The neuronal circuit that resides in the spinal cord dorsal horn is responsible for accurately relaying and modulating sensory information such as the sensation of pain and itch. In states of persistent itch or pain, this system is imbalanced. To restore the balance in the dorsal horn in a targeted manner, we need to understand how this neuronal circuit is organized, i.e. which neuronal populations that reside there, what their characteristics are and how they can be targeted.

Primary afferent neurons detect changes in the environment through specific ligand-receptor interactions that enable labelled lines for different sensations. For instance, burning and icing pain are sensed by the transient potential receptors V1 and A1, respectively while mechanical pressure is detected by Piezo channels. Histamine receptor 1 expressing neurons on the other hand enables perception of the pruritic substance histamine whereas non-histaminergic itch; initiated for example by the malaria drug chloroquine, the peptide BAM8-22 or alanine, involves activation of MrgprA3, MrgC11 or MrgprD, respectively. While substantial efforts have been made to identify the initiators of pain and itch, little is known about the regulatory mechanisms of primary afferents, especially in itch transmission.
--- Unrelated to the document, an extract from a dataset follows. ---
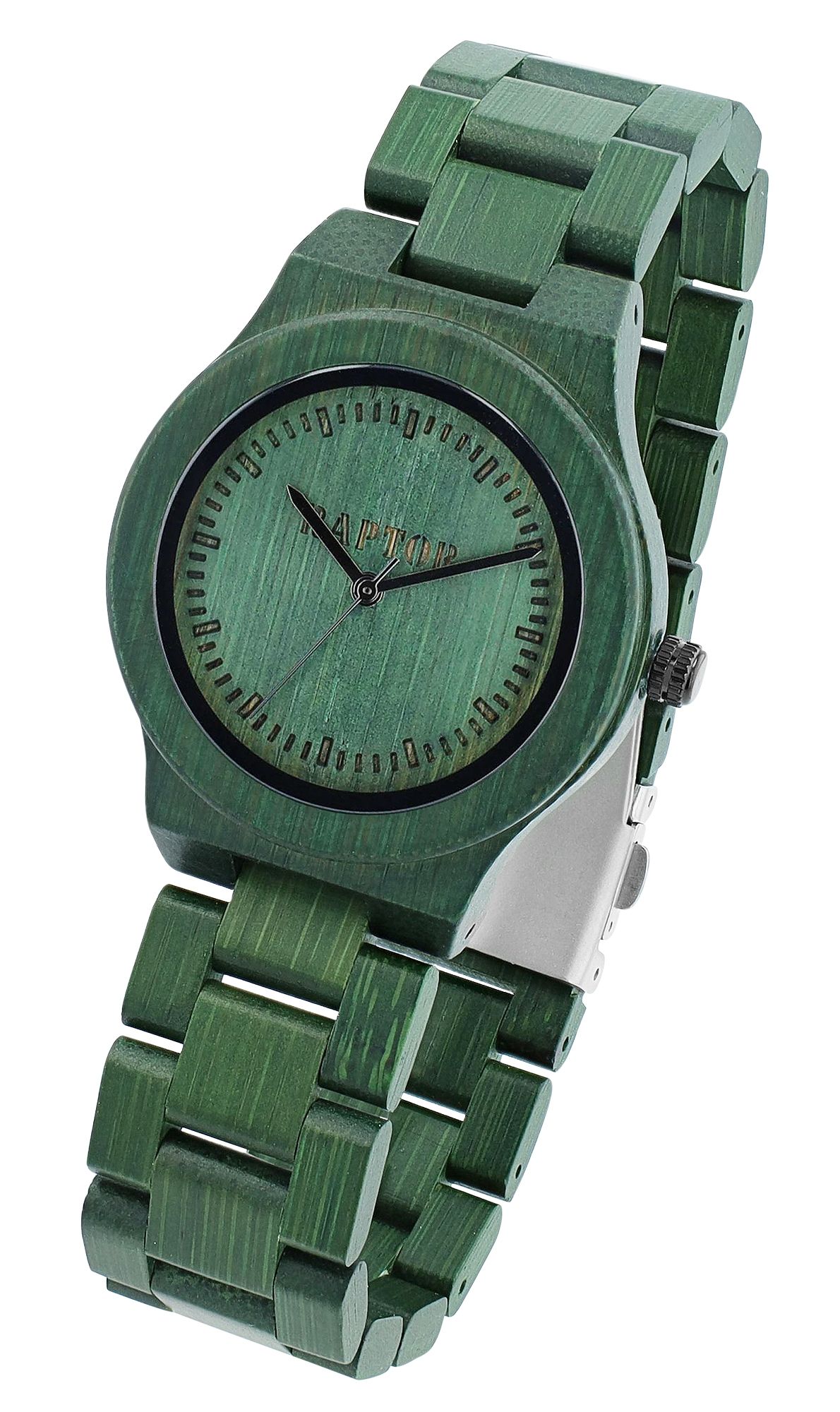 Het analoge damespolshorloge met 3 wijzers van het merk Raptor heeft een hoogwaardig kwartsuurwerk. De veelkleurige schakelarmband van bamboe is 20 mm breed bij de lug en kan worden geopend en gesloten met een zilverkleurige roestvrijstalen vouwsluiting. De totale lengte van het horloge is 23,5 cm. De veelkleurige bamboe kast met mineraalglas heeft een diameter van 38 mm en een kasthoogte van 11 mm. Een bijzondere blikvanger is het mineraalglas met een 1,5 mm brede, zwarte spiegelrand. Samen met de zwarte kroon rondt dit de unieke look van het horloge af. De wijzerplaat is ook gemaakt van bamboe en heeft dezelfde kleuren als de band en kast. De zwarte wijzers passen goed bij de algehele look van het horloge. Met het Raptor houten horloge draag je een absolute eyecatcher om je pols die met elke gelegenheid gecombineerd kan worden. Dankzij het lichtgewicht materiaal past het perfect om de pols en is het comfortabel om te dragen. Je ontvangt een garantiekaart en een originele Raptor doos als accessoires voor je product. Het horloge is een perfect cadeau. Bijvoorbeeld voor een verjaardag, Moederdag, Kerstmis of Valentijnsdag.

We are now focused on identifying how different neurotransmitters regulates itch to identify novel peripheral targets to improve the treatment of persistent itch, which is a dominating symptom in atopic dermatitis and psoriasis.

In the spinal cord, primary afferents terminate on excitatory and inhibitory interneurons that enable regulation and further processing of the incoming signal. We use method development, electrophysiology, pharmacology and advanced transgenic techniques to decipher the regulatory mechanisms of spinal cord interneurons to further understand how sensory networks are regulated in health and disease and to develop novel treatment towards persistent sensory conditions. For further information about ongoing projects, please contact Malin Lagerström.

We are also organizing a 15 ECTS course at bachelor level in Neurobiology provided through the Department of Biology Education at Uppsala University. 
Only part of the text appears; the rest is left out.